Li, Q., Frank, M., Akiyama, M., Shimizu, H., Ho, S.Y., Thisse, C., Thisse, B., Sprecher, E., and Uitto, J. (2011) Abca12-mediated lipid transport and Snap29-dependent trafficking of lamellar granules are crucial for epidermal morphogenesis in a zebrafish model of ichthyosis. Disease models & mechanisms. 4(6):777-85.

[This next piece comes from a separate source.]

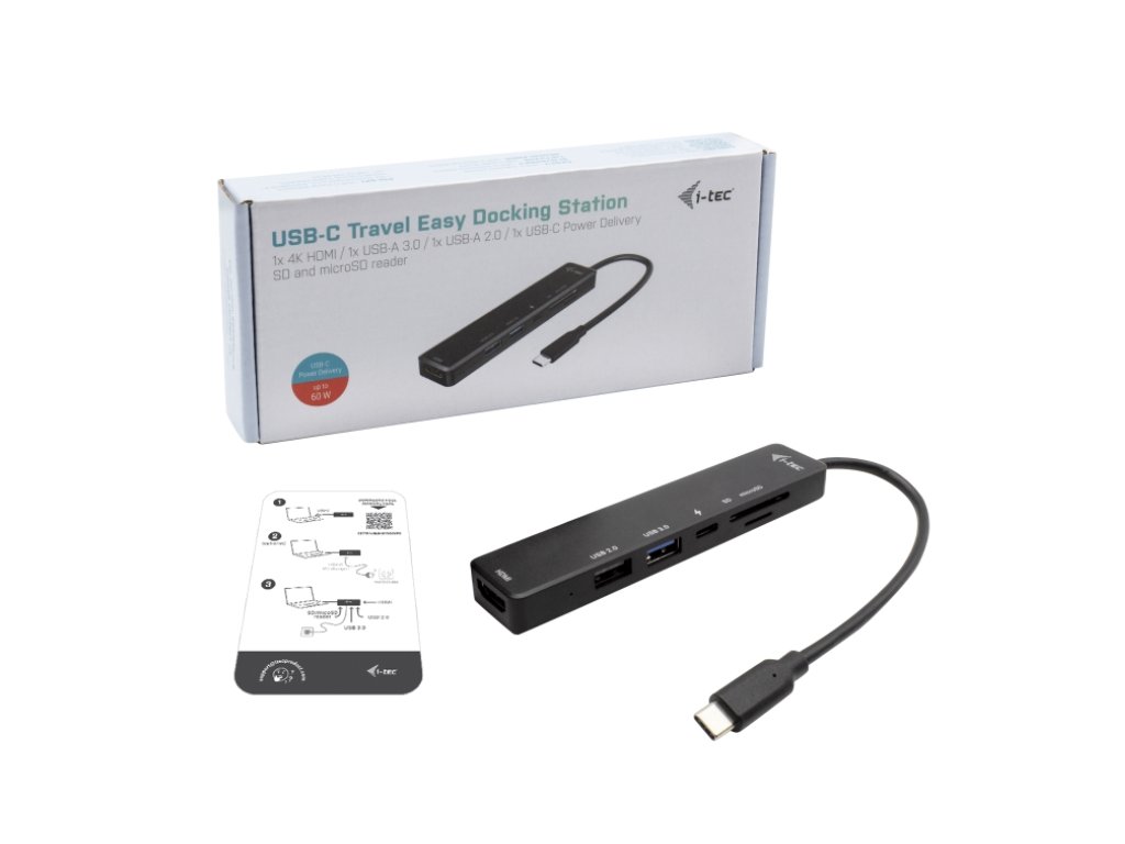 Malá dokovací stanice, která i přes své velmi kompaktní rozměry nabízí vše potřebné pro základní práci. Připojte externí monitor v rozlišení až 4K, dva USB porty poslouží pro připojení vašich periferií a čtečka SD a microSD karet pomůže s přenosem dat. Samozřejmostí je i možnost napájení vašeho notebooku, a to až do 60 W (napájecí adaptér můžete buď použít svůj stávající, případně si nabíječku dokoupit : https://i-tec.pro/produkty/?catg=nabijecky-a-baterie&kon=USB-C).Specifikace

Zebrafish (Danio rerio) can serve as a model system to study heritable skin diseases. The skin is rapidly developed during the first 5–6 days of
embryonic growth, accompanied by expression of skin-specific genes. Transmission electron microscopy (TEM) of wild-type zebrafish
at day 5 reveals a two-cell-layer epidermis separated from the underlying collagenous stroma by a basement membrane with fully
developed hemidesmosomes. Scanning electron microscopy (SEM) reveals an ordered surface contour of keratinocytes with discrete
microridges. To gain insight into epidermal morphogenesis, we have employed morpholino-mediated knockdown of the abca12 and snap29 genes, which are crucial for secretion of lipids and intracellular trafficking of lamellar granules, respectively. Morpholinos,
when placed on exon-intron junctions, were >90% effective in preventing the corresponding gene expression when injected into
one- to four-cell-stage embryos. By day 3, TEM of abca12 morphants showed accumulation of lipid-containing electron-dense lamellar granules, whereas snap29 morphants showed the presence of apparently empty vesicles in the epidermis. Evaluation of epidermal morphogenesis by SEM
revealed similar perturbations in both cases in the microridge architecture and the development of spicule-like protrusions
on the surface of keratinocytes. These morphological findings are akin to epidermal changes in harlequin ichthyosis and CEDNIK
syndrome, autosomal recessive keratinization disorders due to mutations in the ABCA12 and SNAP29 genes, respectively. The results indicate that interference of independent pathways involving lipid transport in the epidermis
can result in phenotypically similar perturbations in epidermal morphogenesis, and that these fish mutants can serve as a
model to study the pathomechanisms of these keratinization disorders.